Everybody enjoys reading predictions. They are popular before the start of any new year. Some savvy prognosticator tells us which food flavors will be popular, which retail formats will emerge, which tech solutions will catch on, and so on.
Of course, grocery retailers can also make predictions by deploying predictive analytics throughout the organization. This practice mines data for information to predict trends and patterns of shopper behavior.
But the use of predictive analytics in grocery is modest to moderate at best. Some grocers make several mistakes when starting.
When researching this topic, experts told me dozens of mistakes that grocers should avoid. Some of them came up over and over. Here are the typical mistakes that should be avoided:
Not Developing an Adoption Plan: Grocers must identify the parts of the business to be addressed, list the steps to be taken, and define the value to be gained.
Not Getting Approval from Senior Management: To develop an analytic culture, the top executives must buy into the program from the beginning. Getting commitment to support its use throughout the organizations can make the difference between success and failure.
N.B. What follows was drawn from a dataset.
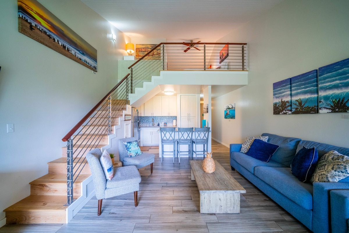 Legal Nightly Vacation Rental (No 30-day contracts) A cozy, island-style unit with a loft bed, perfect for an authentic Hawaiian getaway. The unit includes High speed WiFi, 65 inch Smart TV, Split unit AC, sauna, an outdoor shower, an outdoor gym, a sun deck, and private access. Located within walking distance to famous Waimea Bay and other beautiful spots, this space offers convenience, comfort, and island charm.

Not Having Required Resources In-House: Sophisticated analytical work calls for certain skill sets. Predictive analytics is not the core business of grocers. Bring in the experts for consultation or hire experienced people.
Not Giving It Enough Time: Developing predictive analytics and integrating it throughout the organization takes time. Don’t be impatient and expect results too soon. It takes time to mine the data and develop actionable insights that make a difference.
Not Using Insights Correctly: Grocers need to be wary of broad insights that don’t apply to a grocer’s shoppers, or launching initiatives that would not be supported by most of them. A national trend doesn’t always manifest itself locally.
Now that we know what not to do, here’s a description of predictive analytics from Sanjay Kupae, senior product manager from Manthan, an analytics consultancy:
“Successful analytic deployments are owned by marketers or merchandisers, articulated in business terms, and treated as a core capability of their every-day functions, and embedded within their processes as systems. Analytics roll-outs are layered in a manner that campaign managers and category planners interpret data through friendly and engaging dashboards that surface the underlying algorithms, while the analysts and data scientists are able create, modify and fine-tune models without encumbering business users.”